Het reflecteerde het licht van de zaklantaarn als een aureool.
'Dat zal van de pelgrims zijn geweest,' zei Emily. 'In de
middeleeuwen schijnt er een traditie te zijn geweest datje zou
genezen als je het aanraakte, of dat je gebeden zouden worden
verhoord, of dat je geluk zou hebben.'
Onder het standbeeld zat een stenen bassin. De rivier stortte zich
uit over de rand ervan, maar er glom iets onderin dat Nicks
aandacht trok. Hij knielde ernaast en reikte in het ijskoude water.
Zijn hand kwam eruit met een platte zilveren quarter.

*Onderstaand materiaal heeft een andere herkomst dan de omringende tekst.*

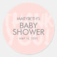 Redonda Pegatina de favoritos de Baby Shower rosado en gra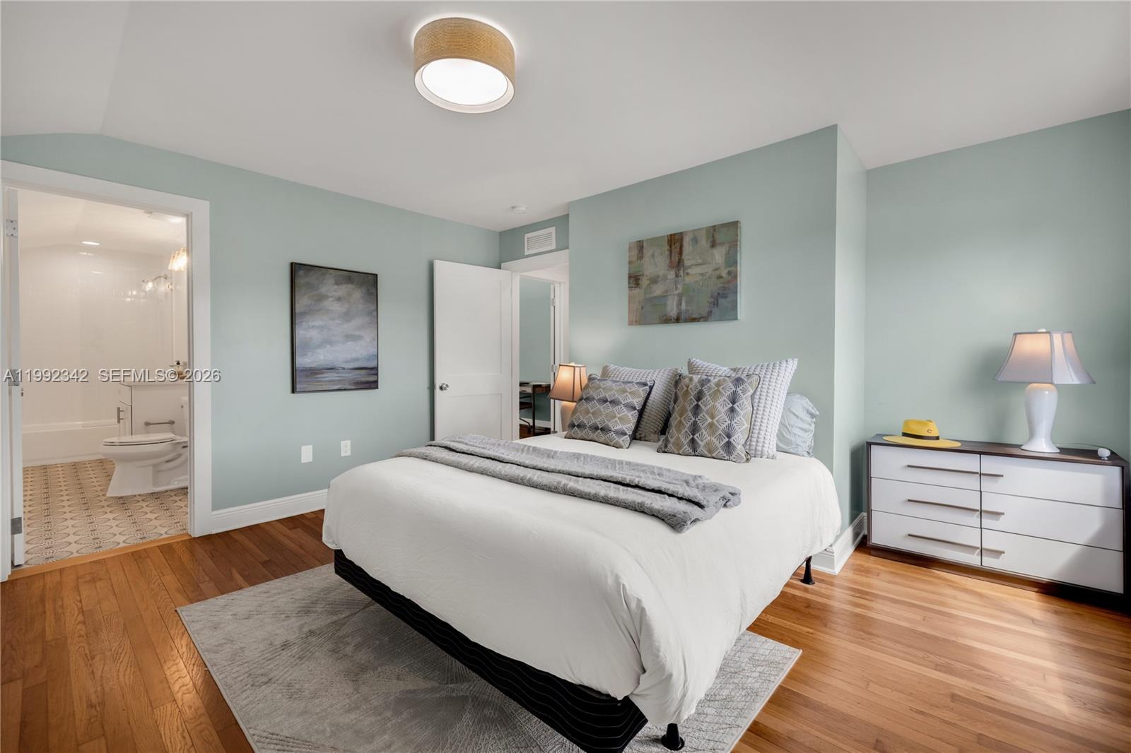 This one is special! Introducing Le Château, a fully reimagined 1925 estate in the lush enclave of El Portal—where historic architecture meets curated modern living. This rare offering includes a 4-bedroom, 3-bath main residence plus a detached 1-bedroom, 1-bath guest house, totaling 5 bedrooms and 4 baths across 3,300+ SF. A gracious front porch opens to grand interiors with soaring 10-foot ceilings, layered plasterwork, sculptural coffered details, and museum-quality crown moldings. Restored hardwood floors run throughout, anchored by a marble fireplace, with custom built-ins and a formal dining room creating an elegant yet inviting setting. The redesigned kitchen blends clean modern finishes with functionality while honoring the home’s architectural soul. The main level features a spa-like primary ensuite and an additional guest bedroom with full bath. Upstairs offers two bedrooms, a shared bath, and a charming loft retreat. Thoughtfully upgraded with impact windows and doors, metal roof, electrical, plumbing, and HVAC—this is a true turnkey residence. Outdoors, marble-clad patios and manicured grounds create a private setting with room for a pool. The detached guest house offers flexibility for guests, office, or income. Set beneath a majestic oak canopy in a non-flood zone on one of El Portal’s most picturesque streets—there is truly nothing else like it.

'Dat was iets wat Gillian altijd deed zij gooide altijd
quarters in wensputten.'
'Maar waar is ze dan nu naartoe gegaan?'
'Nou, we weten waar het kasteel is.'
Nick scheen met zijn zaklantaarn naar boven. Al wist hij waar ze
naar zochten, het kostte hem even om tussen het woud van
stalactieten en de schaduwen die ze wierpen te kijken. Maar aan de
rand van de grot vond hij een donker plekje dat geen schaduw was.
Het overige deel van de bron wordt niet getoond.